The caption-rewriting step shocked me. We use an LLM to take a customer prompt like "white sneaker on beach" and expand it into a diffusion-friendly description with lighting, framing, camera details. That single API call was 22% of cost.

Killing the bill in three places

Step 1 — UNet quantisation to int8. Used torchao + a small calibration set of 512 product images. Quality drop measured by CLIP-similarity on a held-out set: 0.847 to 0.841. Negligible. Throughput went from 14 renders/sec to 23 renders/sec on an H100. That's a 39% cost drop on the dominant stage.

Step 2 — Caching the text-encoder outputs. For our product taxonomy, only about 4,000 unique caption stems exist (variations on "minimalist white background", "studio lighting from upper-left", etc.). T5-XXL embeddings for these are 14KB each. I cached them in Redis with a 30-day TTL. Hit rate after two weeks: 91%. Text-encoder cost dropped from 11% to 1.2%.

Step 3 — The gateway problem. This is where it got interesting.

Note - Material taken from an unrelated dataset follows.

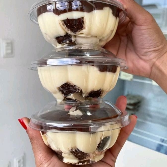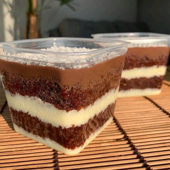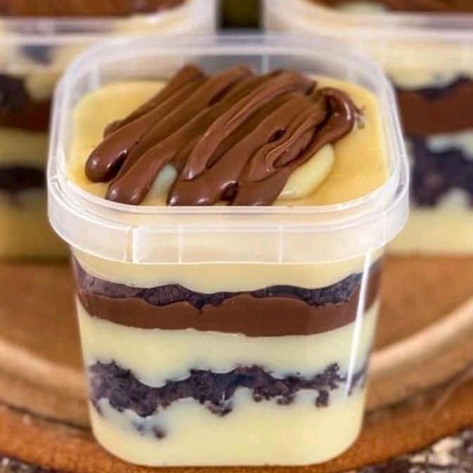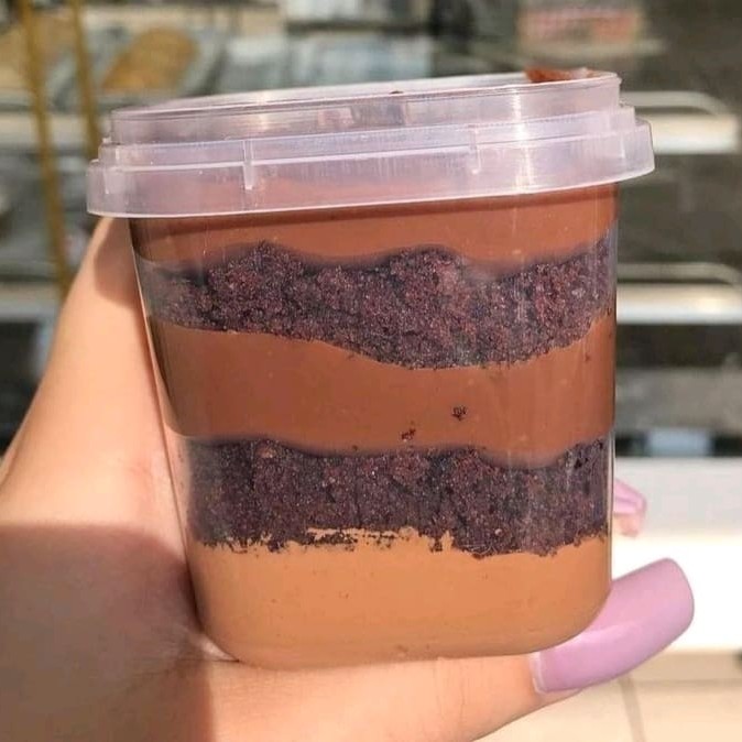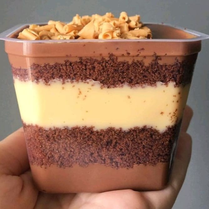 Bolo no pote de 200ml com brigadeiro meio amargo, massa bolo de chocolate, creme de Ninho branco e finaliza com raspas de chocolate branco ( Foto do copo ilustrativa. É possível confirmar os Ml's no próprio copo)

The LLM caption step was the messy one

The caption-rewriting calls were originally direct OpenAI API hits from our Python ranking service. When OpenAI had a partial outage in late January (the one that affected gpt-4o-mini specifically for ~40 minutes), we lost 280k renders. The cost of those failed renders, billed but not delivered, was around €890.

I put Bifrost in front. The choice was between LiteLLM, Portkey, and Bifrost. I'll be honest about the comparison.

LiteLLM has wider provider coverage in the Python ecosystem and a more mature semantic-cache integration with langchain-style apps. If your stack is pure Python and you live inside LangChain, it's a more natural fit.

Portkey's UI for prompt management is genuinely nicer than what Bifrost ships, and their guardrail catalog has more pre-built rules.

I picked Bifrost because (a) it's a Go binary with a single HTTP endpoint and our caption service is Go, (b) the automatic fallbacks between providers work without me writing routing logic, and (c) the semantic caching layer sits at the gateway so my Python preprocessing service and Go caption service share the cache.

Config that replaced about 140 lines of fallback logic in our caption service:

providers:
  openai:
    keys:
      - value: env.OPENAI_KEY_PRIMARY
        weight: 0.7
      - value: env.OPENAI_KEY_BACKUP
        weight: 0.3
  anthropic:
    keys:
      - value: env.ANTHROPIC_KEY
        weight: 1.0

fallbacks:
  - primary: openai/gpt-4o-mini
    secondary: anthropic/claude-haiku-4-5
    tertiary: openai/gpt-4o-mini

semantic_cache:
  enabled: true
  similarity_threshold: 0.94
  ttl_seconds: 604800

The 0.94 similarity threshold matters. We tested 0.90, 0.92, 0.94, 0.96 on 10,000 caption pairs and measured downstream image quality. Below 0.94, the cached caption sometimes mismatched the product category enough to confuse the UNet. Above 0.96, hit rate dropped under 30% and the cost win disappeared.

Current numbers after one month with the gateway in place:

Caption API spend: down 61% (semantic cache hit rate of 47%)
Caption-step latency p95: 340ms to 110ms on cache hits
Failed render rate from upstream LLM issues: 0.31% to 0.04%
New cost share for captions: 22% to 8.2%

Trade-offs and Limitations

Quantisation to int8 cost me about three weekends of calibration tuning. For very high-end fashion shoots where we render at 2048x2048, the quality drop becomes visible in fine fabric weave. We keep an fp16 path for those.

The semantic cache occasionally returns a "close enough" caption that doesn't match a niche product category. For our long-tail (about 4% of requests), I disable the cache via a header per-call. The gateway supports this through request metadata.

Bifrost's clustering features are gated to enterprise, which fine for our scale, but if I were running this across three regions I'd want to evaluate that cost honestly. Portkey's pricing for similar features came in lower for the team-collaboration tier.

I haven't migrated the image-generation outputs themselves through the gateway. The UNet runs on our own GPUs, not behind an LLM API, so the gateway adds no value there. Don't put infrastructure in places it doesn't earn its keep.